## ASSIGNMENT
Within the listing below, give again exactly the lines between the one containing "国家卫生健康委办公厅关于征集第五批健康企业建设优秀案例的通知 职业卫生技术服务分会 ·" and the one containing "반품/교환지 주소 항목에서 주소찾기 버튼을 클릭해 주소를 설정합니다.", inclusive, pictures left aside.

## INPUT
━━━━━━━━

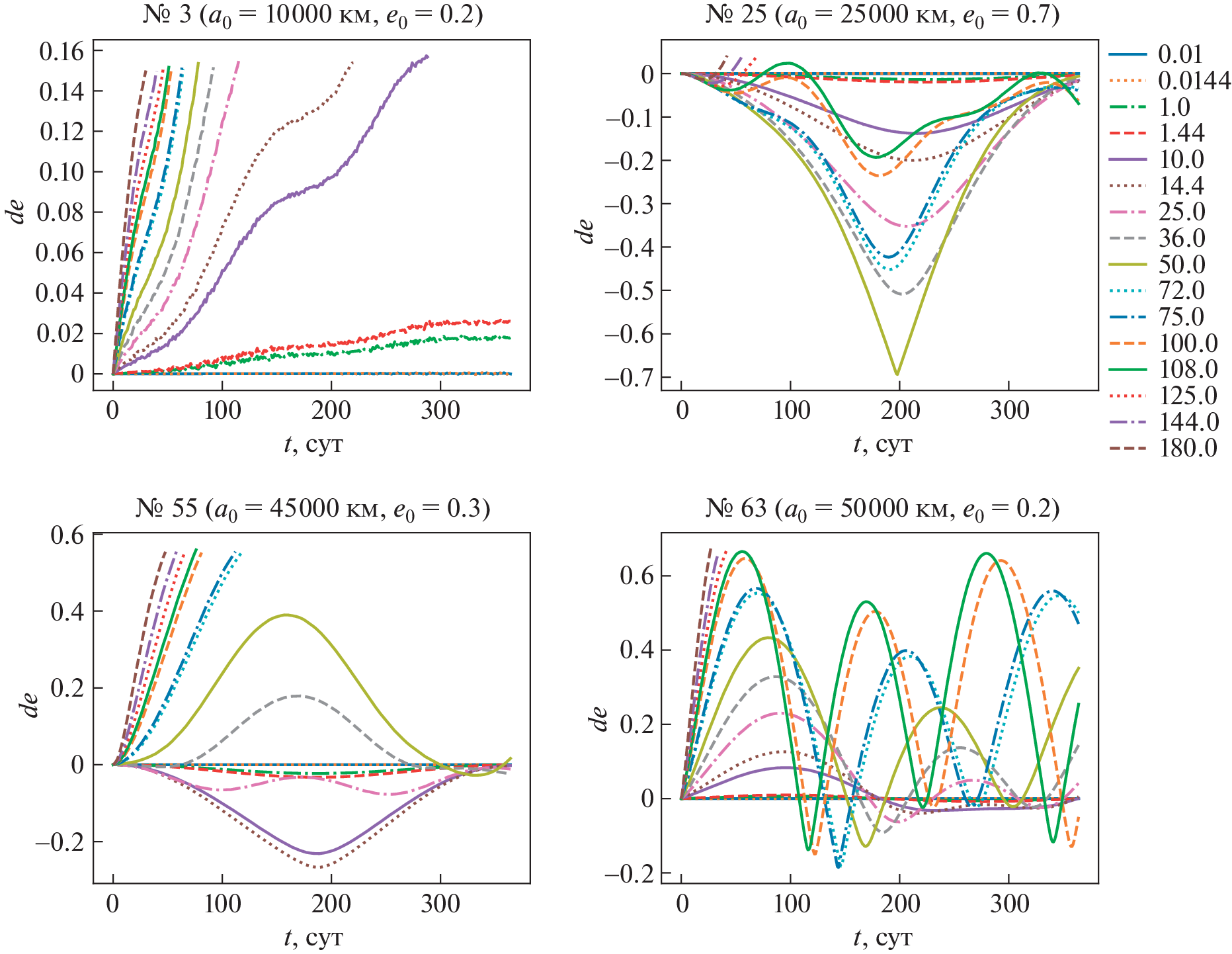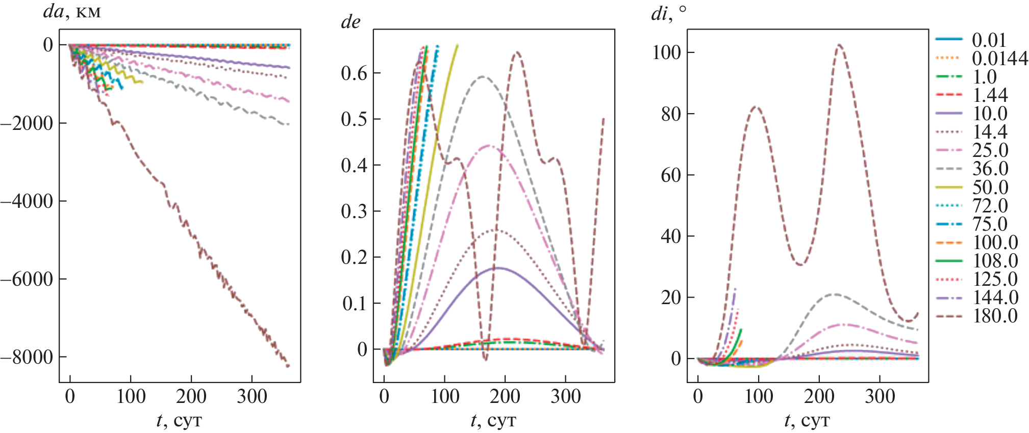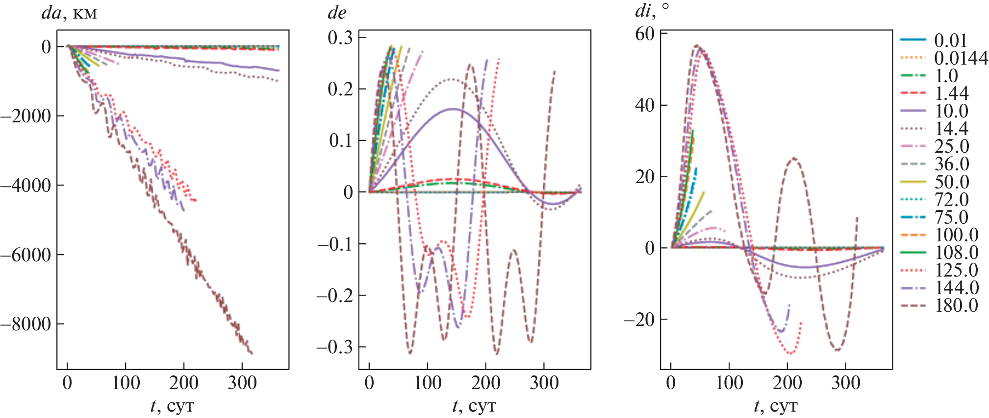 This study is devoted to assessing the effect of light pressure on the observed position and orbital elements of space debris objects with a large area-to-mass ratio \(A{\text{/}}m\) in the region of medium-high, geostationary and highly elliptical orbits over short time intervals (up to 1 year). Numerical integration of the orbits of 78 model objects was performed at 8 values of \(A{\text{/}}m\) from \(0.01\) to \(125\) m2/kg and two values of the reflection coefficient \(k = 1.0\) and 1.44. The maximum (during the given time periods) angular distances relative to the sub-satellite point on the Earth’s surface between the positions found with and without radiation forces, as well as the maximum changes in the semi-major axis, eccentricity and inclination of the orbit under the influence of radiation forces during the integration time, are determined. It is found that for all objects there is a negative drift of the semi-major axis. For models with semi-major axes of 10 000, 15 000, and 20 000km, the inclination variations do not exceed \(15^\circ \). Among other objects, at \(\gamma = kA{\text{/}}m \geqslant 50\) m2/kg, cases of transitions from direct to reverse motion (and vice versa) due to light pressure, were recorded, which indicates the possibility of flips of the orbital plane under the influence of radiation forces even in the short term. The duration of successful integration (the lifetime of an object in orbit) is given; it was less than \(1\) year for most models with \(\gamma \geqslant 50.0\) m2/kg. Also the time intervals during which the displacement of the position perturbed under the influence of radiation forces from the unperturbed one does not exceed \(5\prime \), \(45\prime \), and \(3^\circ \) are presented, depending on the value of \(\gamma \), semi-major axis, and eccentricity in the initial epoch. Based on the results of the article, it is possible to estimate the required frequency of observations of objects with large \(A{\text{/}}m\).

━━━━━━━━

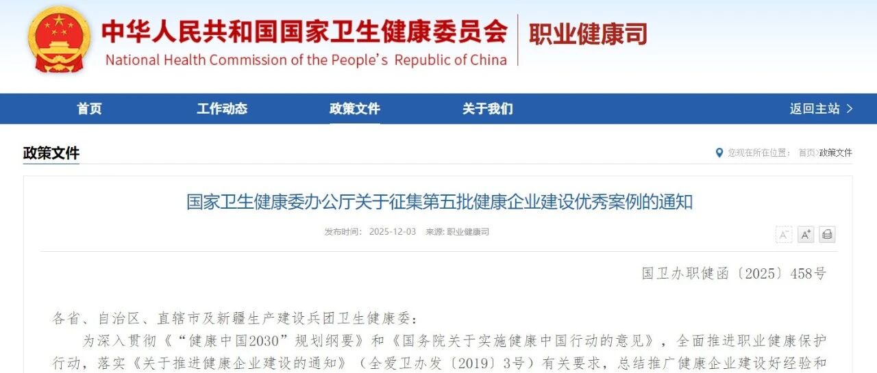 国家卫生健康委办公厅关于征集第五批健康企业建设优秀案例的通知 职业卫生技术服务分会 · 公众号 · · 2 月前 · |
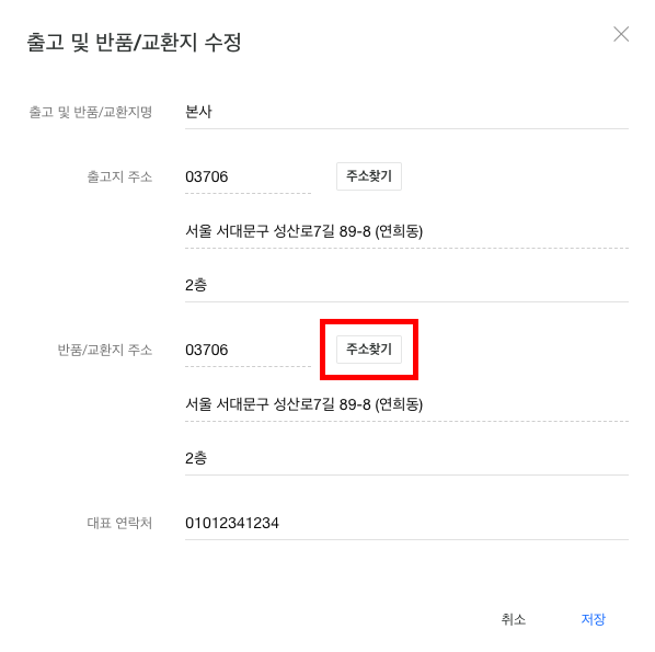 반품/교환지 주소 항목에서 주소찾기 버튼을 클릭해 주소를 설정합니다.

━━━━━━━━

## RESULT OF THIS TASK
 国家卫生健康委办公厅关于征集第五批健康企业建设优秀案例的通知 职业卫生技术服务分会 · 公众号 · · 2 月前 · |
 반품/교환지 주소 항목에서 주소찾기 버튼을 클릭해 주소를 설정합니다.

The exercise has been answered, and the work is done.